AdapterRemoval relies on the user specifying the adapter sequences to be trimmed, using the --adapter1 and --adapter2 command-line options. By default, AdapterRemoval is setup to trim Illumina Truseq adapters, corresponding to the following command-line options:

--adapter1 AGATCGGAAGAGCACACGTCTGAACTCCAGTCACNNNNNNATCTCGTATGCCGTCTTCTGCTTG
--adapter2 AGATCGGAAGAGCGTCGTGTAGGGAAAGAGTGTAGATCTCGGTGGTCGCCGTATCATT

It is therefore extremely important to specify the correct adapter sequences when running AdapterRemoval on a dataset that does not make use of these adapters. Failure to do so will result in the wrong sequences being trimmed, and actual adapter sequences being left in the resulting "trimmed" reads.

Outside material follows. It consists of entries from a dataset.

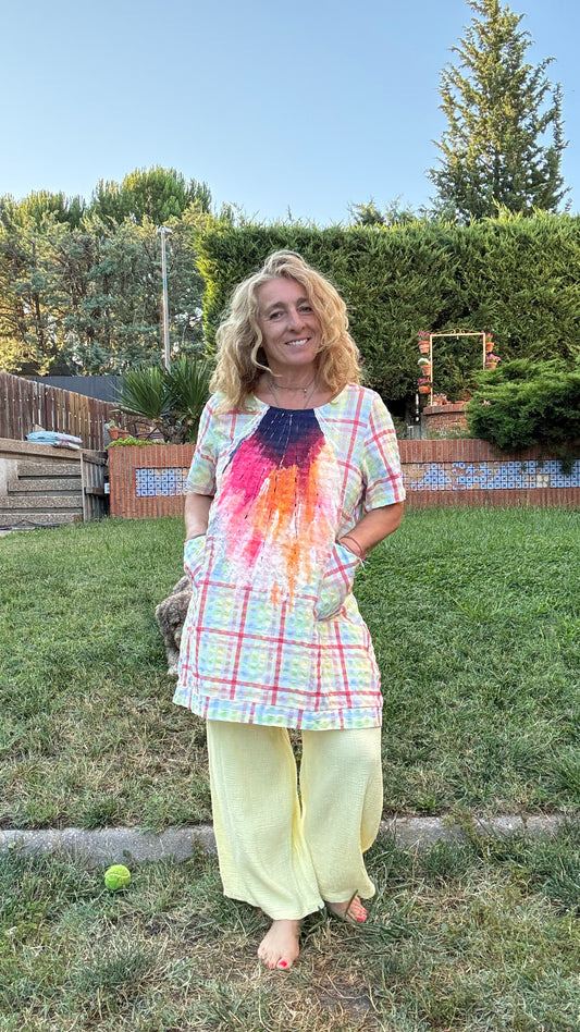 Blusón -vestido cuadros amarillo
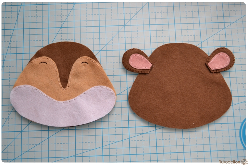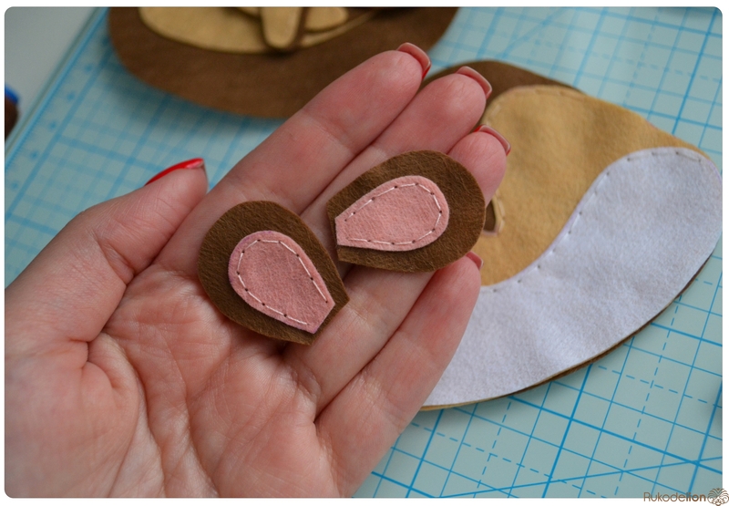 Раскладываем перед собой детали головы. На задней детали, для удобства сшивания, зафиксируем капелькой текстильного клея ушки
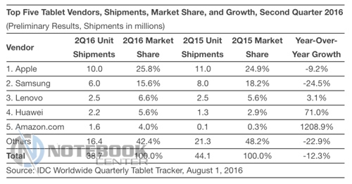 Как известно, по итогам второго квартала мировые продажи планшетов заметно уменьшились. Во всяком случае это подтверждается цифрами – снижение на 12%, а это с 44.1 млн штук до 38.7 млн. Компанию Apple также затронуло падение продаж, тем не менее, ей все равно удалось удержаться на высшей ступени. Например, за второй квартал прошедшего года было реализовано порядка 11 млн планшетов, тогда как за период апрель-июнь 2016 г «яблочный» гигант не дотянул до 10 млн экземпляров. Интересно, что на фоне снижения продаж iPad, количество выпущенных iPad Pro помогло увеличить рыночную долю. Правда, разница с Android-планшетами (26% против 65%) все равно ощутима.
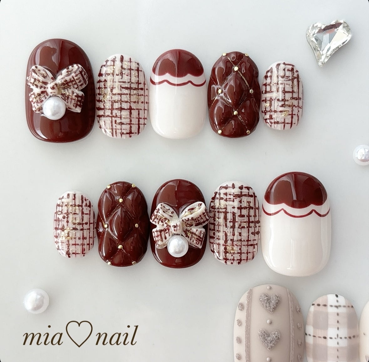 ワインレッドカラーとリボンの可愛いツイードネイル
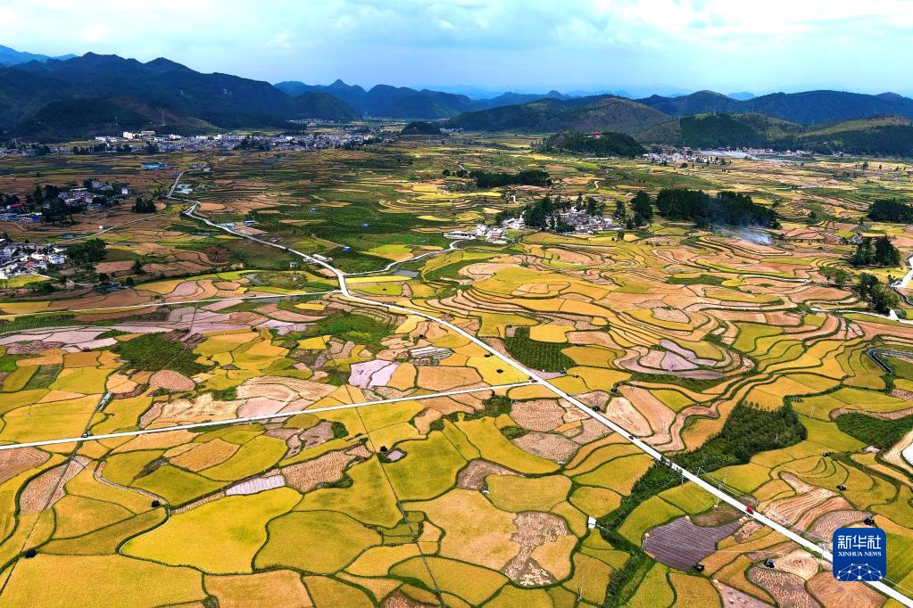 贵州省龙里县湾滩河镇的水稻陆续成熟,田园一派丰收景象(9月17日摄,无人机照片)。
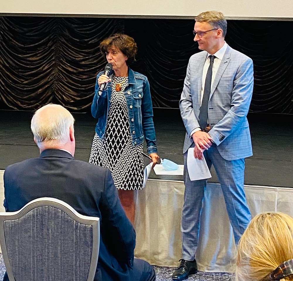 Bei der deutsch-französischen Verkehrskonferenz in Rust stellte der Lahrer Oberbürgermeister Markus Ibert gemeinsam mit seiner Gerstheimer Kollegin Laurence Muller-Bronn das grenzüberschreitende Projekt „Vis-à-Vis-Umweltbrücke“ für Linienbusse, Radfahrer und Fußgänger vor. Dabei stießen sie auf ein großes Interesse der anwesenden Vertreter aus Politik und Wirtschaft.
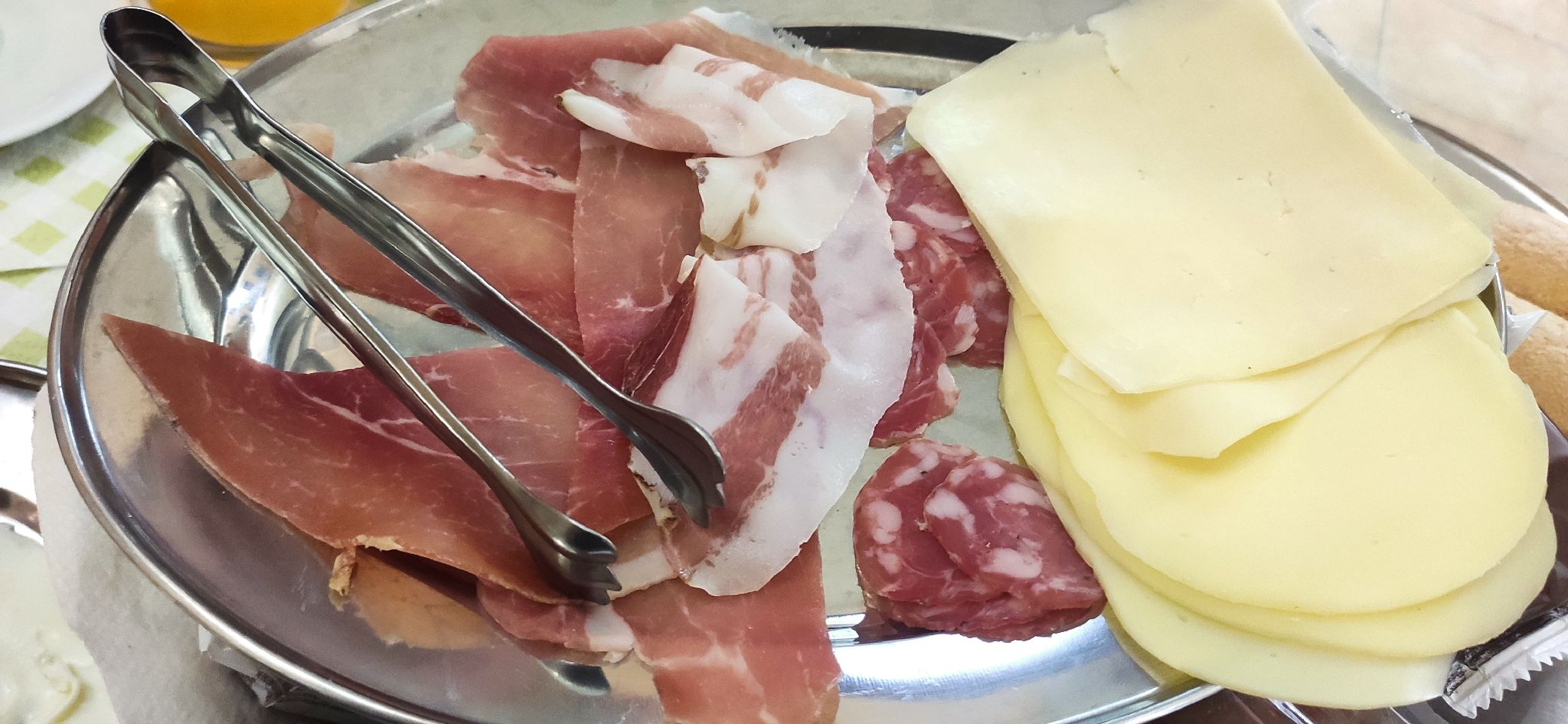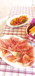 Tolles Frühstück mit sardischen Schinken, Salami, Ziegen- & Schafskäse, sowie Ei im sardischen Hartweizenbrot (Fladen).
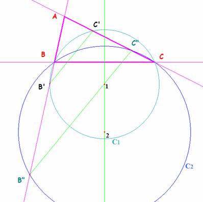 intersecten els costats AB, AC en els punts B’ C’ (la circumferència C1) i en els punts B’’ C’’ (la circumferència
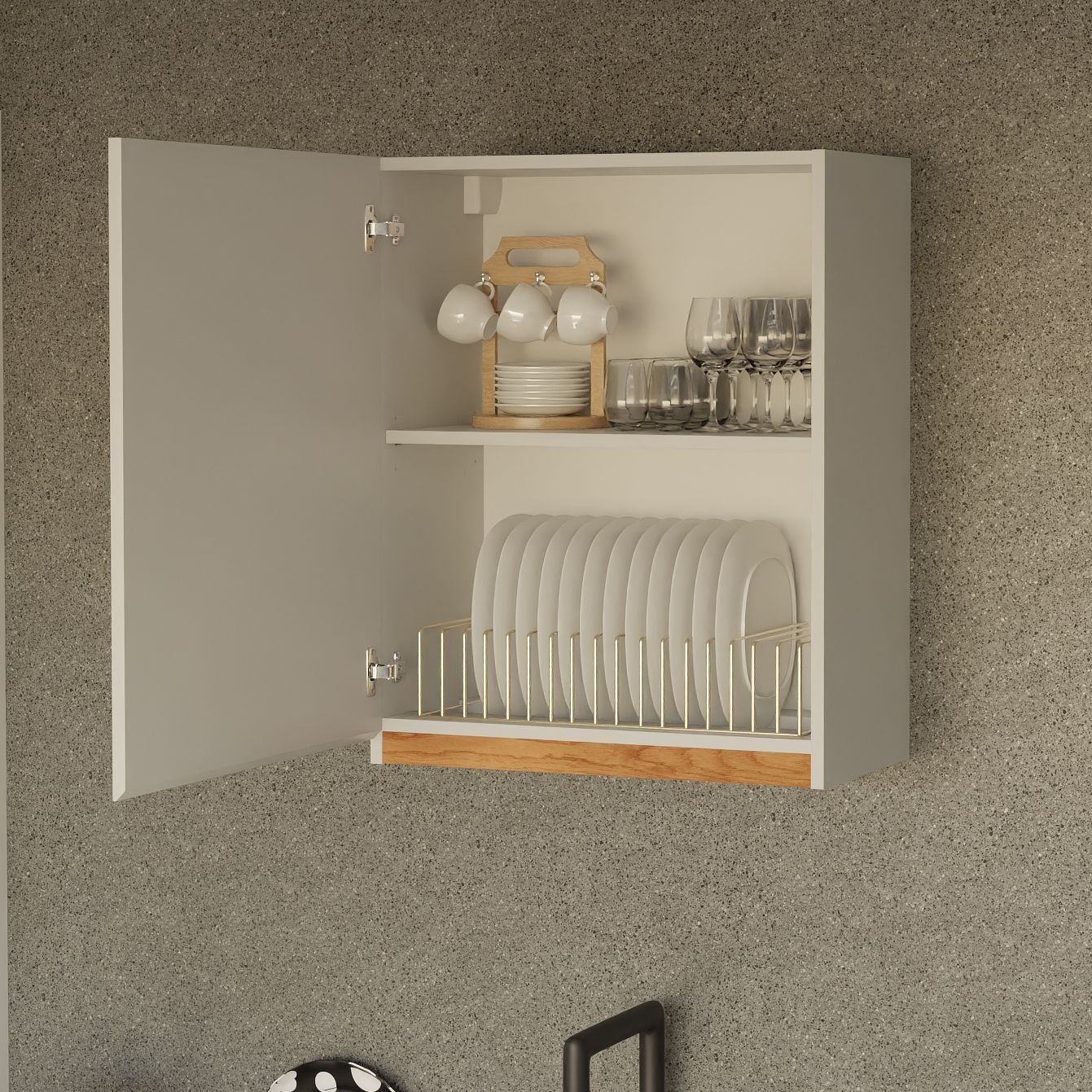 Конструкция кухонного модуля оснащена распашной дверью и вместительной полкой, которая может быть установлена в 3 положениях по высоте. Размеры кухонного шкафа в собранном виде (Ширина х Глубина х Высота, см) - 60х32х75 см, что позволит использовать его как в качестве небольшого подвесного шкафа для сушки посуды на кухню, так и для создания полноценного кухонного гарнитура серии Валенсия.
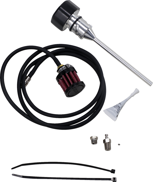 Includes 2 different venting style options for installing the dipstick: option 1 - 1/8 NPT breather vent fitting with internal porous filter element, option 2 - quick disconnect coupler fitting with rubber hose and filter element

Adapter sequences are specified in the read orientation when using the --adapter1 and --adapter2 command-line options, directly corresponding to the sequence that is observed in the FASTQ files produced by the base calling software. If we were processing data generated using the above TrueSeq adapters, then we would therefore expect to find those sequences as-is in our FASTQ files (assuming that the read lengths are sufficiently long and that insert sizes are sufficiently short), typically followed by a low-quality A-tail:

$ grep "AGATCGGAAGAGCACACGTCTGAACTCCAGTCAC......ATCTCGTATGCCGTCTTCTGCTTG" file1.fq
AGATCGGAAGAGCACACGTCTGAACTCCAGTCACCGATGAATCTCGTATGCCGTCTTCTGCTTGAAAAAAAAACAAGAAT
CTGGAGTTCAGATCGGAAGAGCACACGTCTGAACTCCAGTCACCGATGAATCTCGTATGCCGTCTTCTGCTTGAAAAAAA
GGAGATCGGAAGAGCACACGTCTGAACTCCAGTCACCGATGAATCTCGTATGCCGTCTTCTGCTTGCAAATTGAAAACAC

$ grep "AGATCGGAAGAGCGTCGTGTAGGGAAAGAGTGTAGATCTCGGTGGTCGCCGTATCATT" file2.fq
CAGATCGGAAGAGCGTCGTGTAGGGAAAGAGTGTAGATCTCGGTGGTCGCCGTATCATTCAAAAAAAGAAAAACATCTTG
GAACTCCAGAGATCGGAAGAGCGTCGTGTAGGGAAAGAGTGTAGATCTCGGTGGTCGCCGTATCATTCAAAAAAAATAGA
GAACTAGATCGGAAGAGCGTCGTGTAGGGAAAGAGTGTAGATCTCGGTGGTCGCCGTATCATTCAAAAACATAAGACCTA

The ambiguous bases representing the mate 1 barcode (the six Ns) have been replaced by single-character wildcards (dots) in the above grep commands, corresponding to how AdapterRemoval itself treats such characters.

For paired-end data, the --identify-adapters mode may be used to verify the choice of adapters, by attempting to reconstruct the adapter sequence directly from the FASTQ reads. See the Example usage section for a demonstration of this functionality.